There are many subjective elements to the interpretation of epidemiological studies; however, minimum standards in the conduct of a study ensure that any conclusion reached is appropriate. The reader must bear in mind that assessing an epidemiological study not only implies knowing how to look for key information in its paper but also in its “comments” and “corrections”. These are listed along with the paper reference in Medline. Bias, confounding, and chance can threaten the validity of a study at all its stages. Thus, the methodology must be well thought-out and this must be reflected in the study paper. It is understood that all the details about choices made by investigators cannot be published; nevertheless, the printed information should provide sufficient details so as to rule out alternative interpretations of the results. Investigators must show that they planned to minimise bias and account for confounding while also describing statistical methods. More importantly though, they must report any potential impact of limitations on the results found. Many reviewers when assessing study validity take a “guilty until proved innocent approach”, where one assumes that the quality is inadequate unless the information to the contrary is provided in the text.3 This can be a dangerous tactic and may exclude many valid studies. The reader should take the same approach as described for dealing with potential bias and confounding and balance any missing information with its potential impact on the conclusions of the report.

Box 6: Key reading

  • Last JM. A dictionary of epidemiology. 4th Ed. Oxford: Oxford University Press, 2001.

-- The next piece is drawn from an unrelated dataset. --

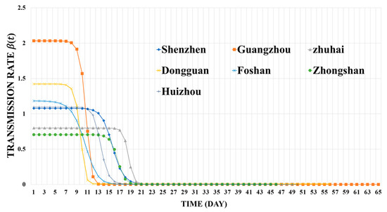 However, the differences of these transmission rate curves show distinct epidemic processes and intervention efficiencies in each city. Firstly, differences in the maximum and minimum values indicate different transmission rates at the beginning and under control, respectively. As shown in Figure 6, the initial transmission rate was highest in Guangzhou (2.03 person/day), while the lowest was in Zhongshan (0.71 person/day). After the epidemic being under control, the final transmission rates of all the cities were ultimately less than 0.01 person/day. Secondly, policies on COVID-19 might not take effect immediately after implementation due to the latency period. As reflected in the transmission rate curves, differences in the timing of inflection points indicate that it took different amounts of time for each city to bring the COVID-19 epidemic under control. For example, Shenzhen, Zhuhai, Huizhou, and Zhongshan had spent longer time to reach their inflection points. In addition, the curvature at the inflection point of the curve indicates the speed of intervention effects taken. Curvatures of the seven curves show that the epidemic turns around much faster in Foshan and Guangzhou than in the other five cities.

  • Greenberg RS, et al.Medical epidemiology. 3rd Ed. Lange Editions, 2001 (chapter 13).

  • Coggan D, Rose G, Barker DJP. Epidemiology for the uniniated. 4th Ed. London: BMJ Publishing Group, 1997 (an excellent concise introduction).

  • Bhopal R. Concepts of epidemiology: an integrated introduction to the ideas, theories, principles and methods of epidemiology. Oxford: Oxford University Press, 2002 (comprehensive and up-to-date).

  • Hennekens CH, Buring JE. Epidemiology in medicine. Little, Brown, 1987 (good introduction to medical statistics).

Questions (true (T)/false (F); answers at end of references)

  1. Confounding occurs when an exposure causes its effect through a second exposure.

  2. Potential for selection and recall bias is a particular problem in cohort studies as opposed to other analytic designs because both exposure and disease have already occurred at the time information on study subjects is obtained.

  3. The results of an investigation carried out on volunteer participants can be expected to the same as those from participants chosen from case registries.

  4. Risk is another term for odds ratio.

  5. Matching should be used to control for selection bias in epidemiological studies.


1. T; 2. F (it is a particular problem in case-control studies); 3. F; 4. F; 5. F (matching is used to control for confounding).